The efficacy and toxicity of recombinant human granulocyte colony‐stimulating factor (rh G‐CSF, KRN8601) given subcutaneously was evaluated in patients with advanced lung cancer undergoing intensive chemotherapy. Twenty‐nine and 30 patients with or without prior therapy were enrolled in this study. At dose levels of 50, 90 and 130 μg/m 2 of rh G‐CSF for 14 consecutive days after chemotherapy, the mean neutrophil nadir counts, the mean neutrophil nadir ratios and the duration of neutropenia (days of < 1000/mm 3 ) were significantly improved. No significant differences were seen in frequency and duration of febrile episodes (>38°C). When rh G‐CSF is given subcutaneously, the dose required for an equal effect in alleviating neutropenia is 50% of that required when it is given intravenously.
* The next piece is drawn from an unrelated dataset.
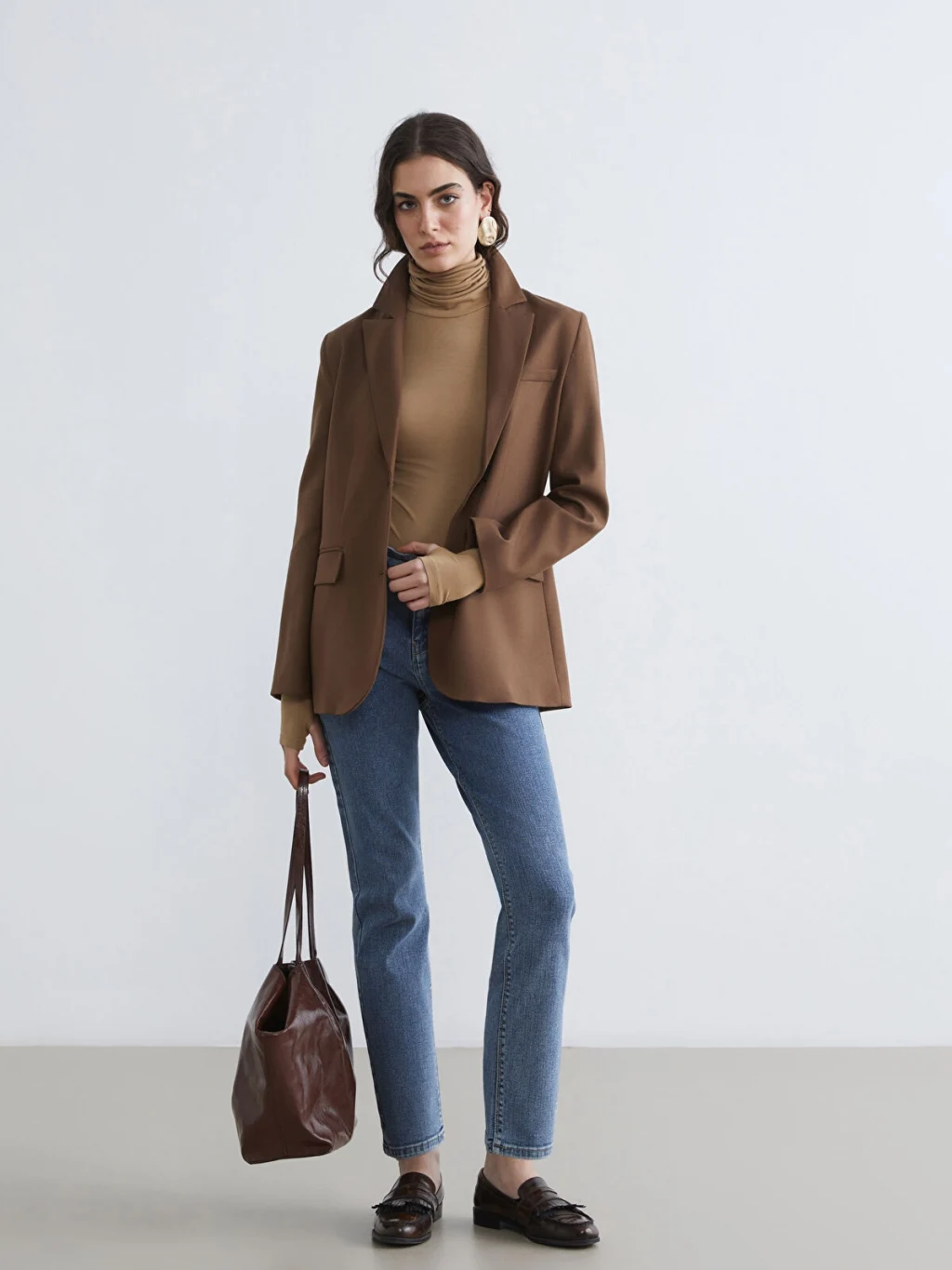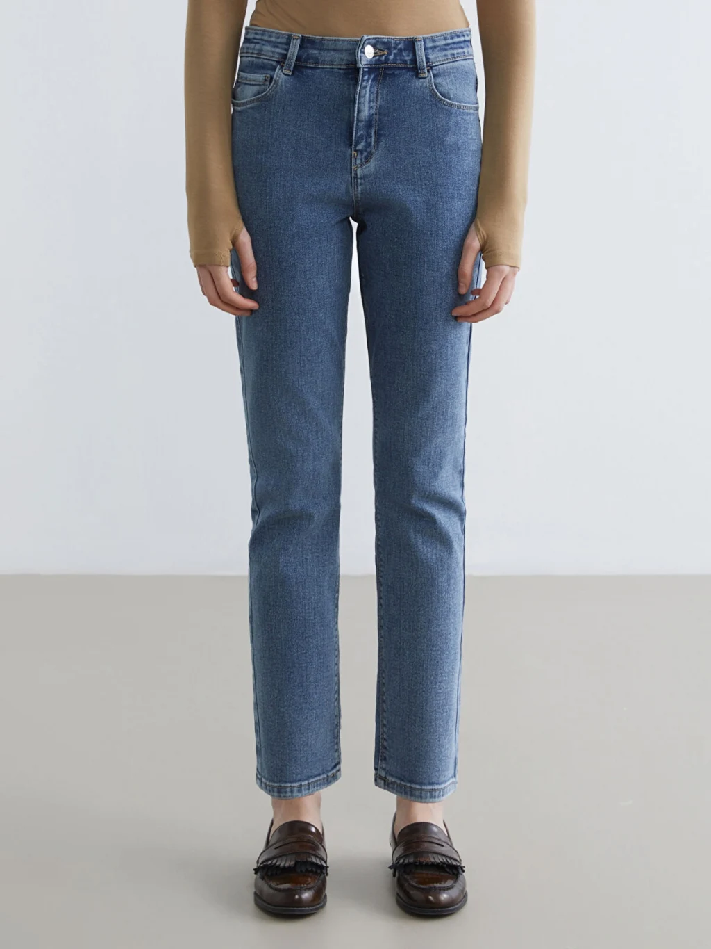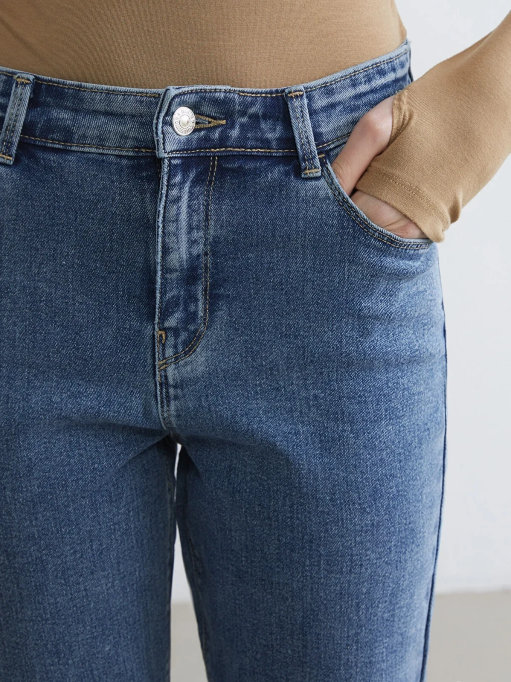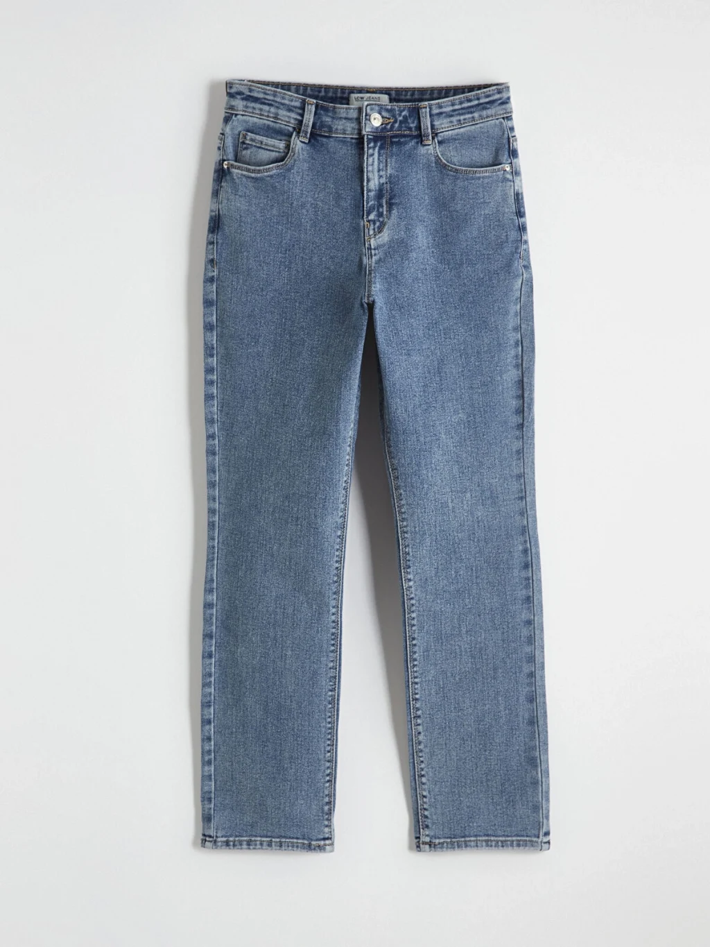 Yüksek bel, dar kesimli kadın jean pantolon, pamuklu denim kumaştan üretilmiştir, beş cepli tasarıma sahip olup fermuar ve düğme kapamalıdır.

The monocyte counts in the peripheral blood were also significantly increased after chemotherapy cycles with rh G‐CSF. The cumulative plasma concentration of rh G‐CSF showed a decrement after 7–9 days despite maintenance of the same dose of rh G‐CSF for the entire 14 days. In conclusion, 50–130 μg/m 2 of sc rh G‐CSF increased the neutrophil nadir count and shortened the duration of neutropenia in patients undergoing intensive chemotherapy for lung cancer without intolerable side effects.